Open the OHI-Global/metadata_documentation folder, and fill in each of the spreadsheets here in a spreadsheet software (i.e. Microsoft Excel) with the new layer information. Add a new row in each spreadsheet registry for the new data layer and fill in each column. Once completed, run through steps 1-12 with the new layer. See below for information on each csv and how to fill this in.

  • layers_eez_base.csv: This file includes the directory and file name for each of the updated layers. Add a new row for the new layer and update each column listed below appropriately:

    • layer: This is the layer name. Add the new name of the layer you want. For kelp habitat extent, this would be hab_kelp_extent.
    • dir: This is the file path to pull the layer from the globalprep repository. For kelp habitat extent this would be ohiprep:globalprep/hab_kelp/v2021/data
    • fn: This stands for “file name.” Fill in the cell with the filename of the layer you want to pull into ohi-global. For kelp habitat extent this would be habitat_extent_kelp.csv.
    • ingest: Indicates whether or not you want to “ingest” the layer in to ohi-global when updating scores. These will usually all be TRUE.
    • name_data_fld: This represents the column name with the values of the layer you want to pull in. For example, kelp extent is km2.
    • name: Add a longer title for the data layer. This is pulled into some documentation.
    • units: Add the units of the layer. Kelp extent is km2.
    • description: Add a longer description of the data layer. This is pulled into some documentation.
  • layers_eez_targets.csv: Add the goal/dimension that the new data layer relates to. Goals are indicated with two-letter codes and sub-goals are indicated with three-letter codes, with pressures, resilience, and spatial layers indicated separately.

    • layer: Add the layer name. This should match the layer column in layers_eez_base.csv
    • goal: This is the goal that the layer affects. For kelp extent, this would only affect the carbon storage subgoal, CS.
    • dimension: This is the dimension (I.e. status, trend, pressure, weighting, resilience). Kelp extent affects trend and status for carbon storage.
  • layers_eez_data_sources.csv: This will be completed at the end of the assessment, and it outlined in section 5.4.1.1 Step 1: Update metadata_documentation

  • layers_eez_reference.csv: Same as layers_eez_data_sources.csv

  • layers_eez_updates.csv: This outlines the updates we have done for each layer for this assessment.

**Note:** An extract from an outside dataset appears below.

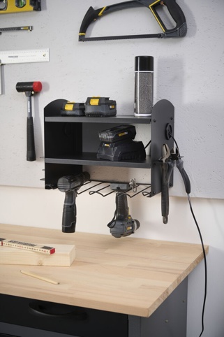 Opgradér værkstedet med denne hylde fra Probuilder, der er specialdesignet til opbevaring af elværktøj og tilbehør, så du kan holde det organiseret og lettilgængeligt. Modulet har 2 hylder samt en holder forneden til større maskiner. Siderne har kabelhuller og holdere til bor og værktøj. Hylden er fremstillet i metal med en dybde på 22,5 cm, en bredde på 42,5 cm og en højde på 30 cm.
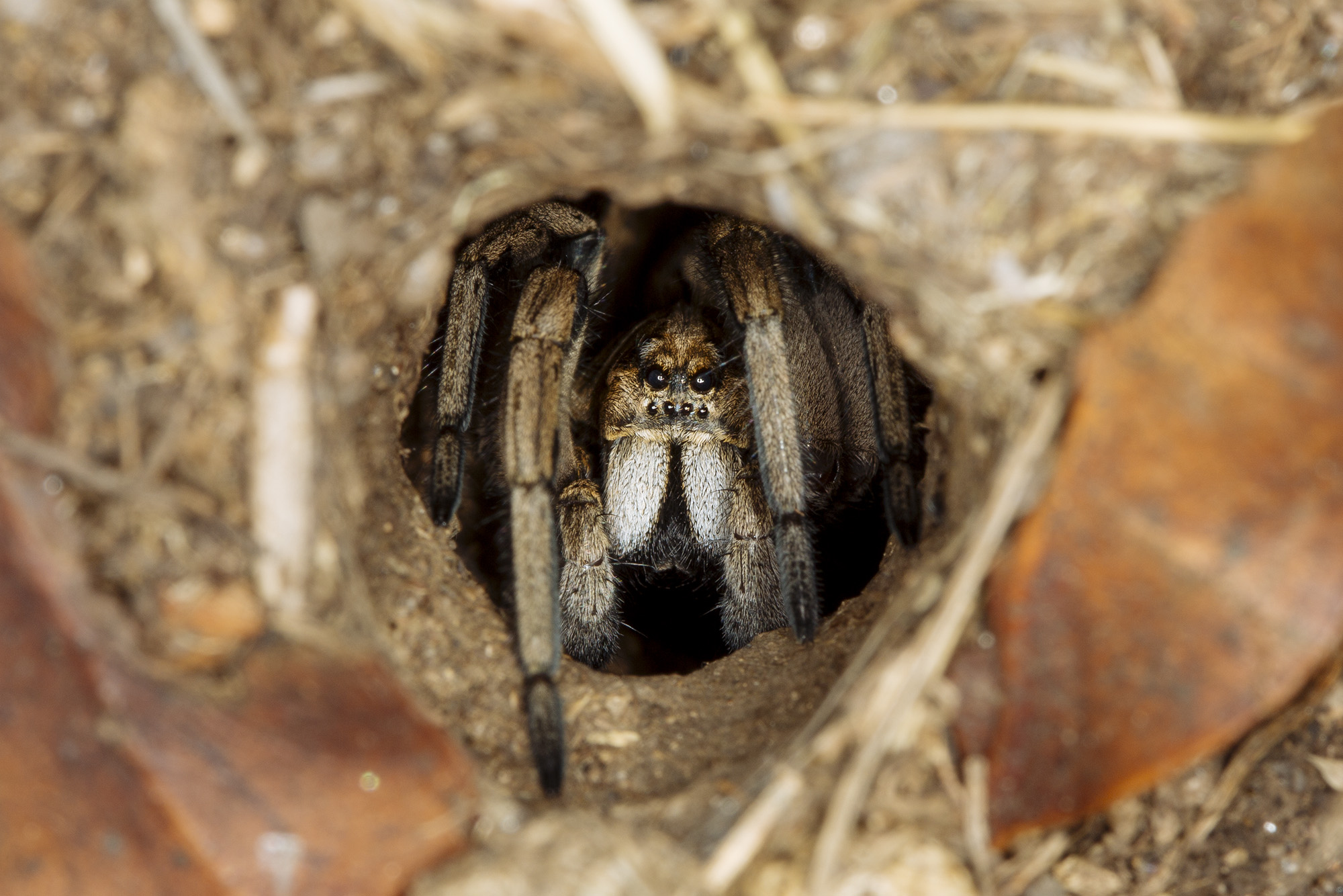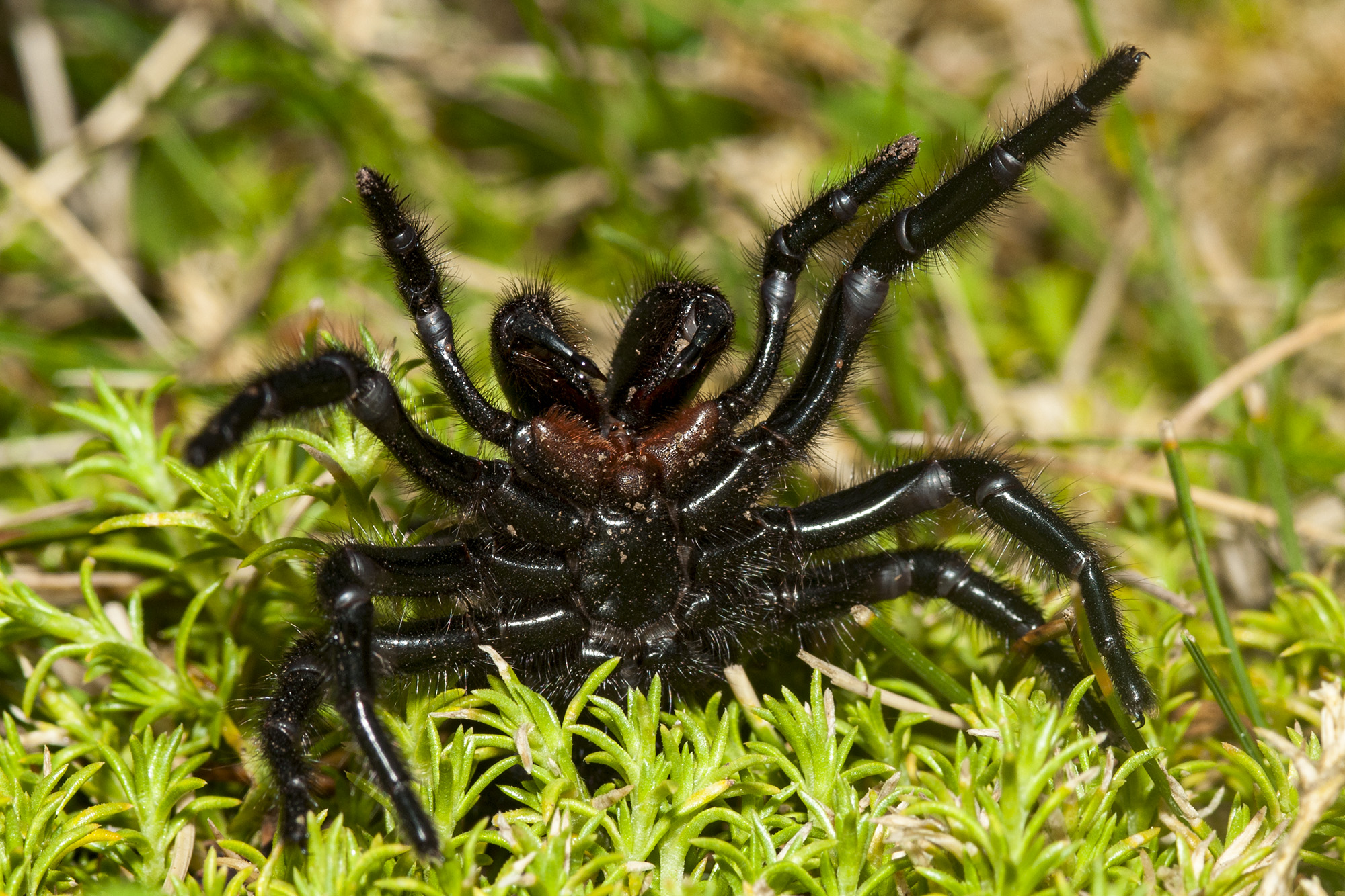 Mygalomorphs are typically stocky and spend most of their time on the ground foraging, or ambushing prey from a burrow.

    • updates: Short description of updates to the data; usually is additional year of data and/or changes to gapfilling methods or other calculations.

Updating functions.R

If you are adding a new layer to a goal, you will also need to add the layer name to the ohi-global/eez/conf/functions.R. At the beginning of each goal function in functions.R, the layers that are a part of that goal are read in. So for kelp_extent, you will need to add it. See example below: image

Updating pressures and resiliences matrices

With the addition of a new layer, you will need to update the pressure and resilience matrices. These matrices are located in ohi-global/eez/conf/. Each pressure and each resilience will affect a layer in different ways. If you are adding a habitat layer, like kelp, you will need to think about if kelp interacts with a pressure or resilience, and the magnitude of that affect (magnitude only for pressures). For example, the intertidal habitat destruction pressure is weighted as the highest pressure for kelp coastal protection.

Updating scenario_data_years.csv

You will also need to add rows to scenario_data_years.csv for each new layer you are adding.